WHAT IS BEING ASKED: Leave the pictures behind and reproduce every line of the listing exactly.

RECORDS FOR THE TASK:
-------------------------
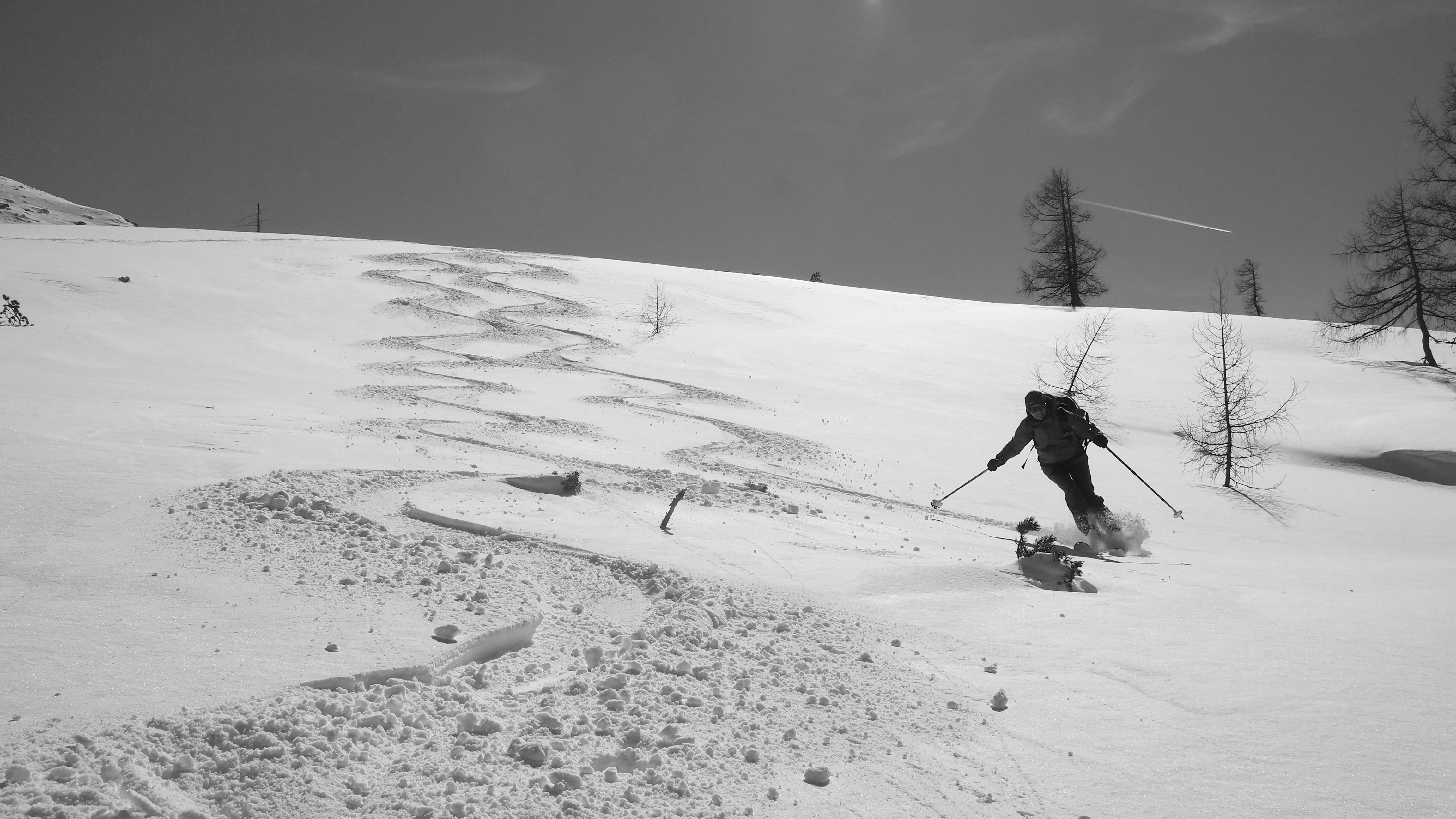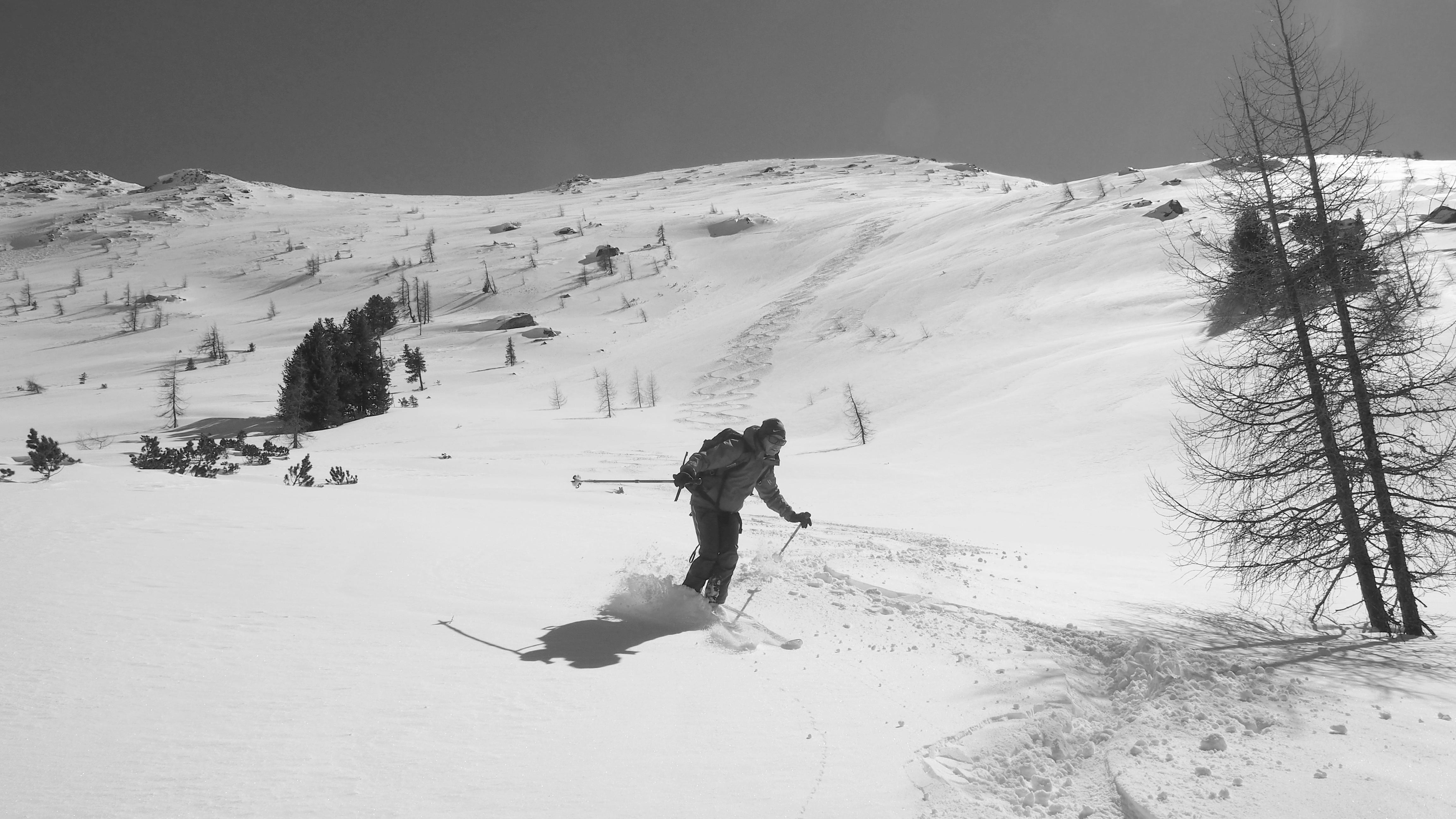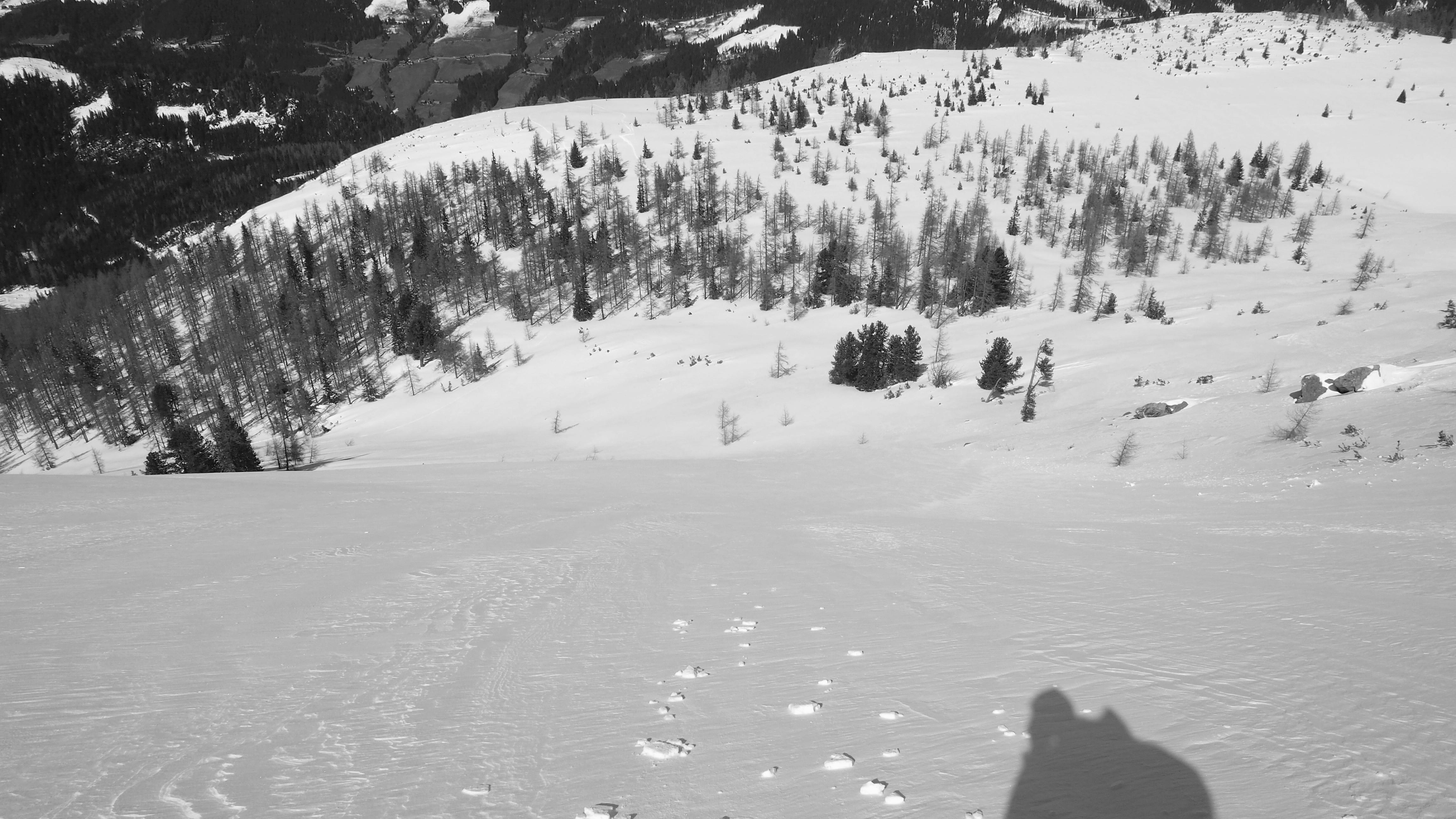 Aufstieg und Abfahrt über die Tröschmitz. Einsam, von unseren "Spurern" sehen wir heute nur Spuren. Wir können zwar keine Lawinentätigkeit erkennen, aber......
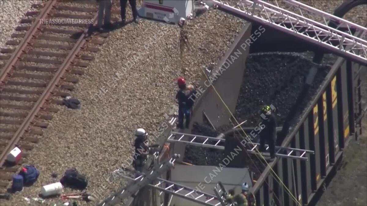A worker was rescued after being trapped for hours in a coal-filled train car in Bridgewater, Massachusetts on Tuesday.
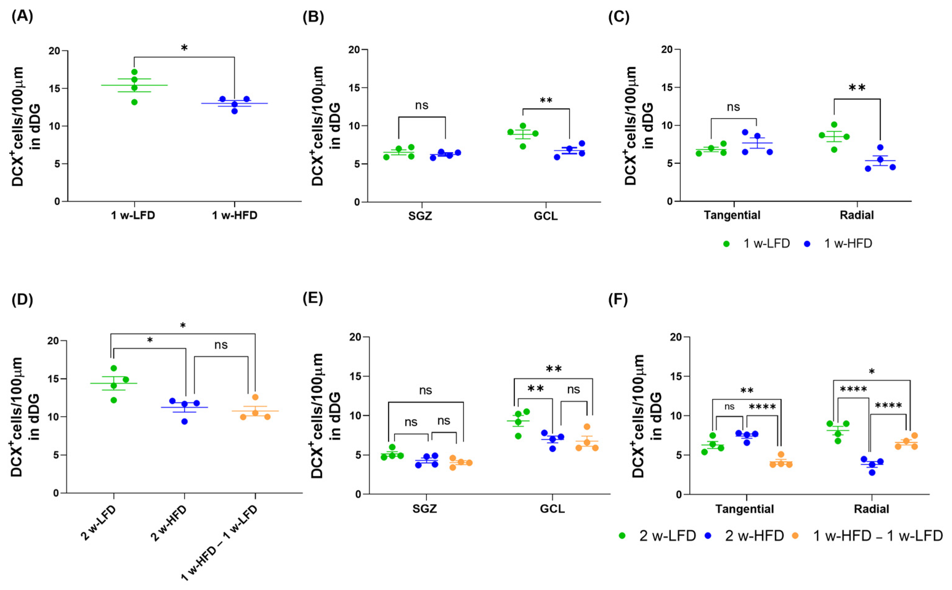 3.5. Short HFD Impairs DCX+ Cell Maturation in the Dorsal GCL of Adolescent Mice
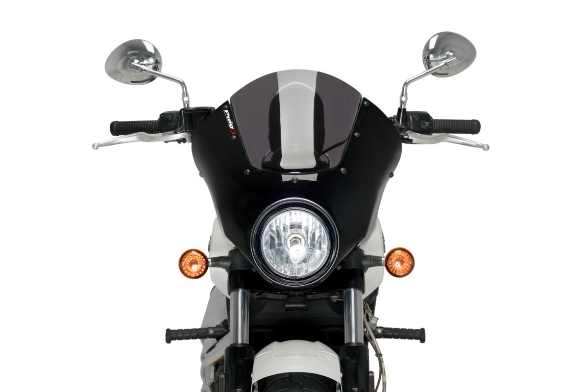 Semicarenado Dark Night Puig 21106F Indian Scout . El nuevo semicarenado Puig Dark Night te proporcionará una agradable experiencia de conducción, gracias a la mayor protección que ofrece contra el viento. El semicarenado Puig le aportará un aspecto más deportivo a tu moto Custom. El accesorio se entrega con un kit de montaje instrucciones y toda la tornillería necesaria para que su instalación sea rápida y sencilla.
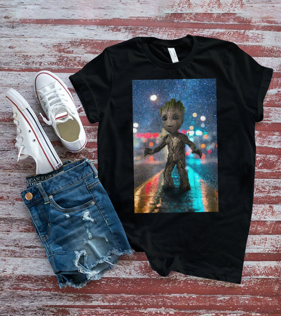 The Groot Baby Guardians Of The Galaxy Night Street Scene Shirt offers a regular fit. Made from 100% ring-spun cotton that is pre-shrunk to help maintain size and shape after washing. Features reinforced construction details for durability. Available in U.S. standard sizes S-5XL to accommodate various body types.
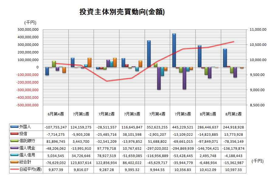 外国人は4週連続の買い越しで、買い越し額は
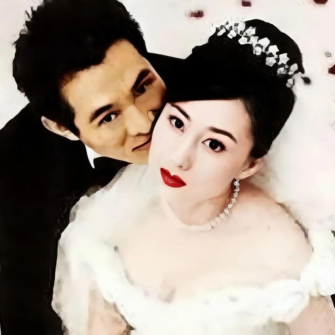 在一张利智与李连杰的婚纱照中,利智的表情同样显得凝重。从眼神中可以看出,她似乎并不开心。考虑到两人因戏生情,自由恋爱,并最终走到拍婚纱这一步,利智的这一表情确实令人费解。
-------------------------
TASK RESPONSE:
 Aufstieg und Abfahrt über die Tröschmitz. Einsam, von unseren "Spurern" sehen wir heute nur Spuren. Wir können zwar keine Lawinentätigkeit erkennen, aber......
A worker was rescued after being trapped for hours in a coal-filled train car in Bridgewater, Massachusetts on Tuesday.
 3.5. Short HFD Impairs DCX+ Cell Maturation in the Dorsal GCL of Adolescent Mice
 Semicarenado Dark Night Puig 21106F Indian Scout . El nuevo semicarenado Puig Dark Night te proporcionará una agradable experiencia de conducción, gracias a la mayor protección que ofrece contra el viento. El semicarenado Puig le aportará un aspecto más deportivo a tu moto Custom. El accesorio se entrega con un kit de montaje instrucciones y toda la tornillería necesaria para que su instalación sea rápida y sencilla.
 The Groot Baby Guardians Of The Galaxy Night Street Scene Shirt offers a regular fit. Made from 100% ring-spun cotton that is pre-shrunk to help maintain size and shape after washing. Features reinforced construction details for durability. Available in U.S. standard sizes S-5XL to accommodate various body types.
 外国人は4週連続の買い越しで、買い越し額は
 在一张利智与李连杰的婚纱照中,利智的表情同样显得凝重。从眼神中可以看出,她似乎并不开心。考虑到两人因戏生情,自由恋爱,并最终走到拍婚纱这一步,利智的这一表情确实令人费解。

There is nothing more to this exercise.